While the design of complex shaped parts is enabled using additive manufacturing (AM) techniques, the need for tailoring microstructures catering to the requirements of specific applications must not be neglected. Considering the level of design complexity involved in the design of parts for ballistic applications, AM techniques may be envisaged to be employed in their design. On the other hand, there are innumerous reports, especially since the last decade, on a new class of metallic materials known as high-entropy alloys (HEAs) or multicomponent alloys, extensively investigated for their microstructure-property relation for a number of different applications. However, it may be noted that such studies are mainly limited to fundamental research and have not systematically focussed on correlating the findings of fundamental research with real-time applications.

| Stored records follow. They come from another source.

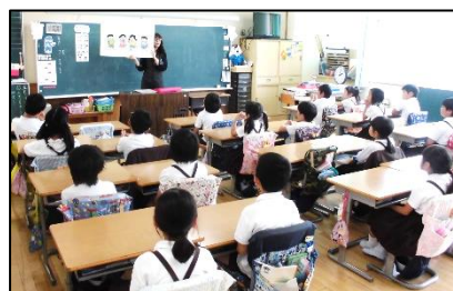
2年 キッズサポート教室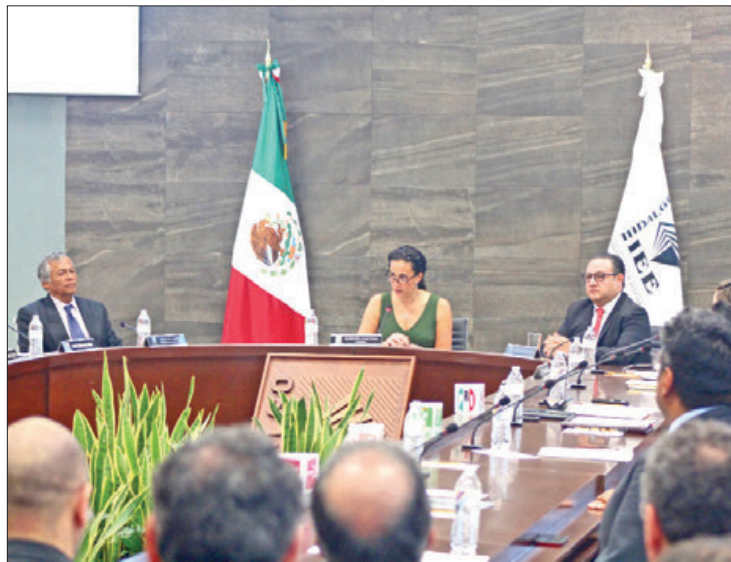
FECHAS. Espera Vázquez nueva reunión con legisladores.

En caso de que el Congreso reduzca el monto que se apro-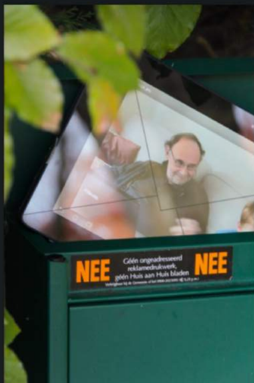
ik ben mailig

Therefore, considering that both AM and HEAs are relatively "new" and "booming" areas of research, the present book chapter provides a review on the development of AM HEAs towards designing components (e.g. armors) with high resistance to dynamic impact applications, in order to qualify themselves as alternatives and even superior to conventional materials (such as steels) for high-end ballistic applications. Additionally, this chapter will also focus on the challenges associated with employing AM HEAs for these applications and provide a roadmap for both fundamental and industrial research through strategies to design AM HEAs.